T. Catapano’s focus: handing off Whitman Archive [or setting things up for handoff?] to be included in external repositories—could screen scrape 😛 (as Internet Archive does) or address digital objects directly. For the latter one wants to use METS. A digital object is (inter alia) a surrogate of a physical document or conceptual entity; it has sufficient integrity and independent significance to be manipulated, referred to, or recontextualized usefully outside of the Archive’s configuration. The Whitman Archive contains multiple file types: TEI / TEIlike transcriptions, TIFF images, XHTML, “digital mortar” (CSS, XSLT, thumbnails, branding / presentation aspects, etc.), bibliography, database, and so on; these have various relationships, explicit as well as implied.

[Catapano talked through which parts of METS deal with which types of md (object itself, its source, technical and rights md, etc.), which I haven’t recorded.] The Archive itself is being treated as an object…. Then one records decisions, vocabularies, an example instance, and so on in a METS profile. Issues: ID/IDREF mechanism is ambiguous; XML hierarchies are ambiguous and limited (how are two items in a list related to one another, if at all? should be able to express it formally); relationships are bidirectional (if something is a child, one can say it is but it’s harder to point back up at a parent); how does one determine the adequacy of one’s md?; need to settle protocols for updates.
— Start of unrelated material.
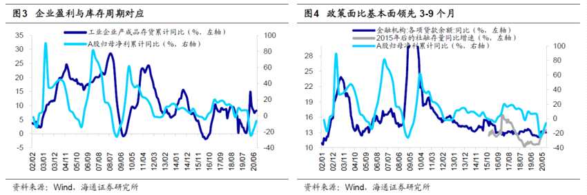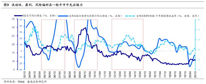 過去牛市到頭均對應(yīng)基本面頂部,目前基本面仍在回升中。除了擔(dān)憂連續(xù)兩年高漲幅的問題,部分投資者還擔(dān)憂,由于今年Q1基本面被疫情砸出“深坑”,低基數(shù)效應(yīng)下明年全部A股歸母凈利潤同比增速的高點(diǎn)將在21Q1,明年基本面將因此逐季度依次下滑,市場承壓。我們認(rèn)為對明年基本面拐點(diǎn)的判斷要剔除低基數(shù)的影響,即應(yīng)當(dāng)看全部A股歸母凈利潤累計(jì)的同比增速或者ROE(TTM)。我們預(yù)計(jì)A股凈利累計(jì)同比增速將持續(xù)回升至2021年3季度,ROE持續(xù)回升至2021年Q4,因此牛市還在路上。推測的依據(jù)一是依據(jù)庫存周期,本輪補(bǔ)庫存周期原本從19年11月啟動(dòng),期間疫情有所擾動(dòng),歷史上一輪庫存周期平均持續(xù)21個(gè)月,依次推斷這次補(bǔ)庫存將持續(xù)至21Q3;二是政策時(shí)滯,歷史上政策面領(lǐng)先基本面3-9個(gè)月,我們預(yù)計(jì)這次寬松政策退出的轉(zhuǎn)折點(diǎn)可能在21年一季度末二季度初,對應(yīng)盈利高點(diǎn)21Q3前后?;仡櫄v史,過去牛市的頂點(diǎn)均對應(yīng)全部A股歸母凈利潤累計(jì)同比和ROE高點(diǎn):

D. Pitti talked about UVa’s experience of taking the Whitman Archive METS files and trying to map them to a submission information package (ingest into Fedora). Technical feasiblity is not the same thing as economic feasibility; even where we can do things, the costs sometimes prohibit implementation, esp. re: “digital mortar,” which is difficult to collect [in the library sense of “collect”]. In mapping, UVa has made primarily economic decisions for what’s sustainable, so they’ve limited the number of profiles and objects that may come in. Over time Pitti hopes we can tame the complexity of these undertakings to increase economic viability. Final question: how do we continue to provide access without reprogramming continually?


Q&A (partial): Mandell commented on NINES and the Poetess project; Catapano replied that the Whitman mapping attempts a richer sort of preservation; Barney noted a tension in giving NINES the kinds of things they want versus not being able to preserve the things they aren’t prepared to take.